# Watch my girls!



## AvaAdoreSmashing (Dec 31, 2009)

You guys might already know Dolce and Dior but I figured I'd post a link to my youtube account where I post lots of videos of the girls. I put up a few new videos tonight if anyone wants to watch some rats doing cute things!

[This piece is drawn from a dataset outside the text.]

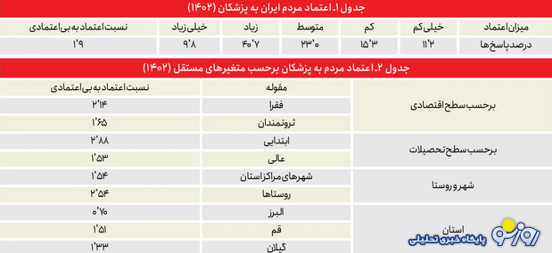 جایگاه پزشکان از حیث اعتماد اجتماعی در جامعه ایران، همچنان یکی از بالاترین جایگاههاست. آخرین پیمایش ارزشها و نگرشهای ایرانیان که در پاییز ۱۴۰۲ انجام شد نشان میدهد، نسبت افرادی که به پزشکان اعتماد زیاد و خیلی زیاد دارند، به کسانی که اعتماد کم و خیلی کم دارند، ۱٫۹ برابر است. (نمونه آماری ۱۵۸۷۲ نفر)

http://www.youtube.com/user/AvaAdoreSmashing

I got this sweet cardboard UPS truck from work and filmed the girls checking it out  Don't forget to rate


----------



## nertnie (Jan 4, 2010)

Awwwwwwwwwwwww!  So adorable. Love Dior dancing.


----------



## AvaAdoreSmashing (Dec 31, 2009)

Thank you!


----------



## RatMomSC (Feb 5, 2010)

Oh my gosh, that's wonderful! ;D So cute!


----------



## leesha (Feb 15, 2010)

I subbed. Very cute girlies.


----------



## olddeadpig (Jan 6, 2010)

Made I laugh! That is one cute rattie.


----------



## AvaAdoreSmashing (Dec 31, 2009)

Thanks guys! If you have a youtube account subscribe to my channel! I post videos of the girls pretty often ;D


----------



## AvaAdoreSmashing (Dec 31, 2009)

New Videos are up!

http://www.youtube.com/user/AvaAdoreSmashing

A few new ones of the girls and a couple others. One of my cat with a balloon and another of the store dog at my work


----------



## nertnie (Jan 4, 2010)

Love Dior boggling!


----------



## AvaAdoreSmashing (Dec 31, 2009)

nertnie said:


> Love Dior boggling!


It was the first time I've really seen her doing it and I couldn't believe it happen to be when I was recording. I was super excited!


----------



## nertnie (Jan 4, 2010)

AvaAdoreSmashing said:


> nertnie said:
> 
> 
> > Love Dior boggling!
> ...


Our girls do it quite often.. but I'd really like to get Firkin when she's boggling - there are times when she wags her tail at the same time. Weirdest thing I've ever seen - and none of the others do it. LOL


----------



## AvaAdoreSmashing (Dec 31, 2009)

New video up of Dolce cleaning her tail. It's pretty cute ;D


----------



## nertnie (Jan 4, 2010)

Aww.. cute. Love the one with the raisins.


----------



## ][stacey][ (Nov 4, 2007)

your videos are really nice to watch ur rats are so cute


----------